SUPPLIED MATERIAL START

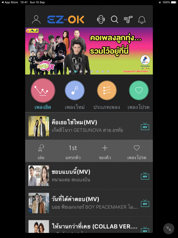 AJ, which is well-known among Thais for its home electrical and home entertainment appliances, has invested more than Bt100 million to develop its cloud karaoke system. The service must be used with the EZ-OK app and users need to first apply for a monthly service with AJ. The app, which is available for both Android and iOS devices, serves as an interface for you to browse through selections of over 25,000 songs, mostly popular Thai tracks, and the app will fetch the songs of your choice.
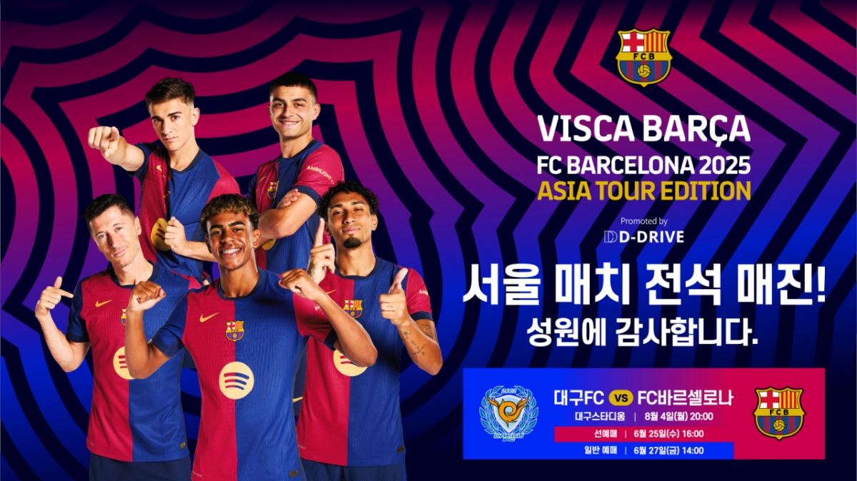 이번 FC바르셀로나 아시아투어 에디션은 디드라이브가 공식 주최하며, 서울 경기는 제너시스BBQ, 대구 경기는 대구광역시와 공동 주최합니다. 경기 외에도 다양한 부대 이벤트와 프로그램이 준비될 예정으로, 팬들의 기대감을 더욱 높이고 있습니다.
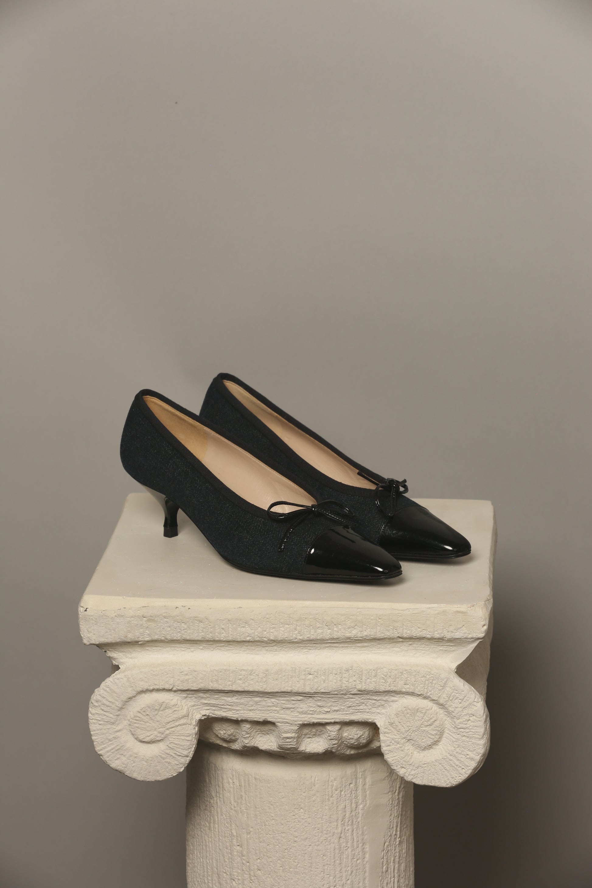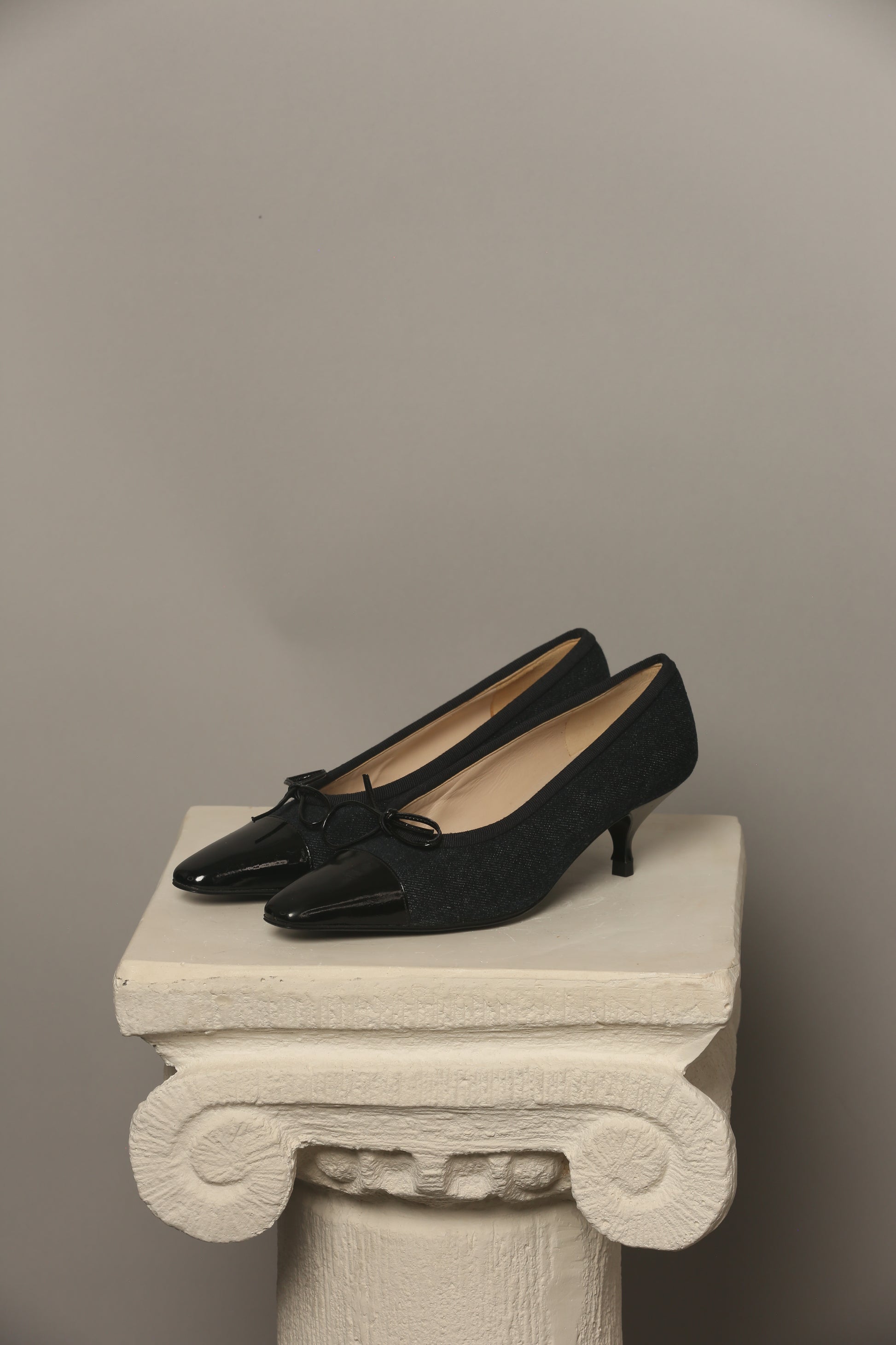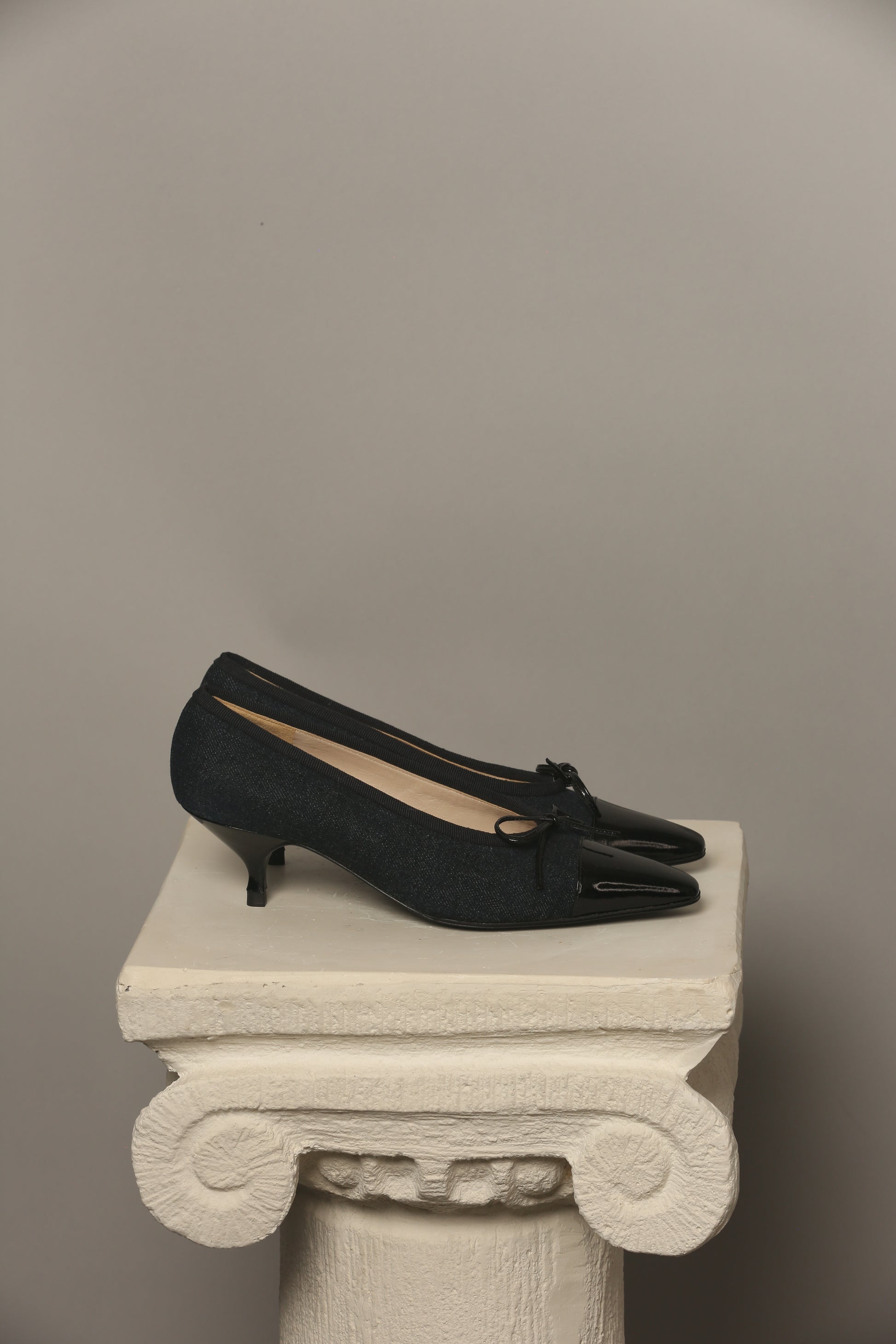 Discover a rare vintage gem! These never-worn shoes present a super cute fusion of dark blue denim and sleek black patent leather, an iconic combination that stands out. Adorned with the signature bow on the toe, these shoes exude a timeless charm. Included with an Authenticity Certificate.

SUPPLIED MATERIAL END

## TASK GOAL
Only the lines from the top of the material through the line containing "이번 FC바르셀로나 아시아투어" should be written out, exactly and without pictures.

## YOUR SOLUTION
 AJ, which is well-known among Thais for its home electrical and home entertainment appliances, has invested more than Bt100 million to develop its cloud karaoke system. The service must be used with the EZ-OK app and users need to first apply for a monthly service with AJ. The app, which is available for both Android and iOS devices, serves as an interface for you to browse through selections of over 25,000 songs, mostly popular Thai tracks, and the app will fetch the songs of your choice.
 이번 FC바르셀로나 아시아투어 에디션은 디드라이브가 공식 주최하며, 서울 경기는 제너시스BBQ, 대구 경기는 대구광역시와 공동 주최합니다. 경기 외에도 다양한 부대 이벤트와 프로그램이 준비될 예정으로, 팬들의 기대감을 더욱 높이고 있습니다.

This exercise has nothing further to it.